Sum_of_squared_distances = []
K = range(1,15)
for k in K:
    km = KMeans(n_clusters=k,
               init='k-means++',n_init=14,max_iter=300,random_state=0)
    km = km.fit(df_norm)
    Sum_of_squared_distances.append(km.inertia_)

In [None]:
plt.plot(K, Sum_of_squared_distances, 'bx-')
plt.xlabel('k')
plt.ylabel('Sum_of_squared_distances')
plt.title('Elbow Method For Optimal k')
plt.show()

In [None]:
!pip install kneed

In [None]:
###This uses the elbow method to get the k-value . k=4
from kneed import DataGenerator, KneeLocator
k=KneeLocator(range(1, 15), Sum_of_squared_distances, curve="convex", direction="decreasing")
k.elbow

In [None]:
#This gives the k=value k=5
km.n_iter_

In [None]:
#BUILD MODEL WITH 4 CLUSTERS 
kmeans_4 = KMeans(n_clusters=4, 
                  init='random',n_init=14,
                  max_iter=300,random_state=0).fit(df_norm)#=4


In [None]:
#BUILD MODEL WITH 5 CLUSTERS 
kmeans_5 = KMeans(n_clusters=5, 
                  init='random',n_init=14,
                  max_iter=300,random_state=0).fit(df_norm)#=5


In [None]:
#silhouette_score
from sklearn.metrics import silhouette_score
print("This is the silhouette_score for k=4 ",silhouette_score(df_norm, kmeans_4.labels_))
print("This is the silhouette_score for k=5 ",silhouette_score(df_norm, kmeans_5.labels_))

In [None]:
#predicting the labels of clusters 
label_k4=kmeans_4.fit_predict(df_norm)
unique_label=np.unique(label_k4)
unique_label

**CREATING A BOX PLOT WITH THE CLUSTERS. **

In [None]:
df_copy_copy=df_copy1.copy()

In [None]:
kmeans_44 = pd.DataFrame(label_k4)
df_copy_copy.insert((df_copy_copy.shape[1]),'Cluster',kmeans_44)

In [None]:
df_copy_copy

In [None]:
df_copy_copy.isna().sum()

In [None]:
df_copy_copy.dropna()

In [None]:
##### PLOTING THE CLUSTERS AGAINST OTHE VARRIABLES.  
fig,axes=plt.subplots(2,3,figsize=(20,15))

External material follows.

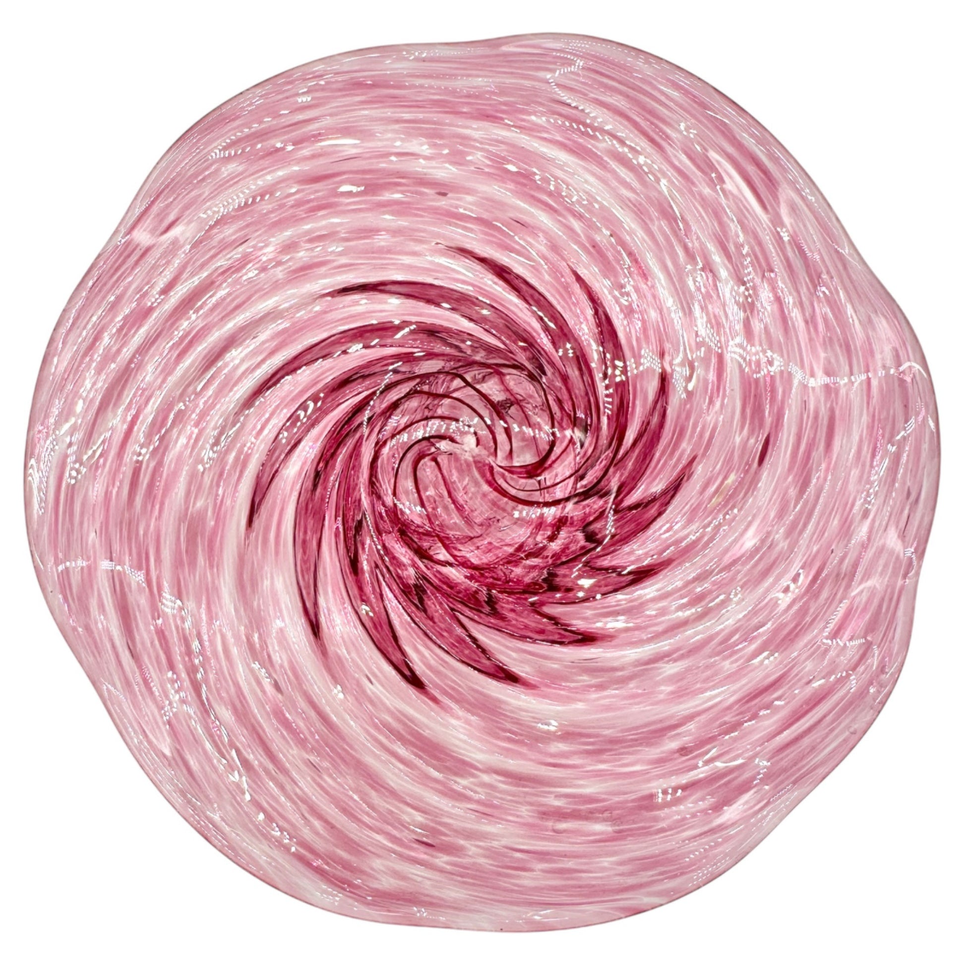 In a quaint glass studio in 2001, Alex Andriani meticulously crafted this pink swirl pedestal cake stand. Its rippling design and vibrant hues evoke a sense of whimsy, making it an enchanting centerpiece for your table. A testament to artistry and imagination, this piece blends beauty and function seamlessly.

fig.suptitle("Cluster Results.")

sns.boxplot(ax=axes[0,2],data=df_copy_copy,y='Spending Score (1-100)',x='Cluster')
sns.boxplot(ax=axes[0,1],data=df_copy_copy,y='Annual Income (k$)',x='Cluster')
sns.boxplot(ax=axes[0,0],data=df_copy_copy,y='Age',x='Cluster');

sns.boxplot(ax=axes[1,2],data=df_copy_copy,y='Spending Score (1-100)',x='Cluster',hue='Gender')
sns.boxplot(ax=axes[1,1],data=df_copy_copy,y='Annual Income (k$)',x='Cluster',hue='Gender')
sns.boxplot(ax=axes[1,0],data=df_copy_copy,y='Age',x='Cluster',hue='Gender');

**CLUSTER ANALYSIS ** 


From the above boxplot, each cluster [0-3] is plotted against other variables. 
 
Using the spending score as a reference, we can see that clusters 0 and 1 fall above the mean spending score "50," and clusters 2 and 3 falls under the spending range.  
Cluster 0 and 1 also tells us that those who tend to have a high spending score are with the age range of (25-40). Also, females in clusters 0 and 1 have a higher spending score. 

Cluster 2 and 3 have a mean age of (45 and 40), respectively; older people have a lower spending score. And more men tend to have a lower spending score. 

For annual income, The clusters are even.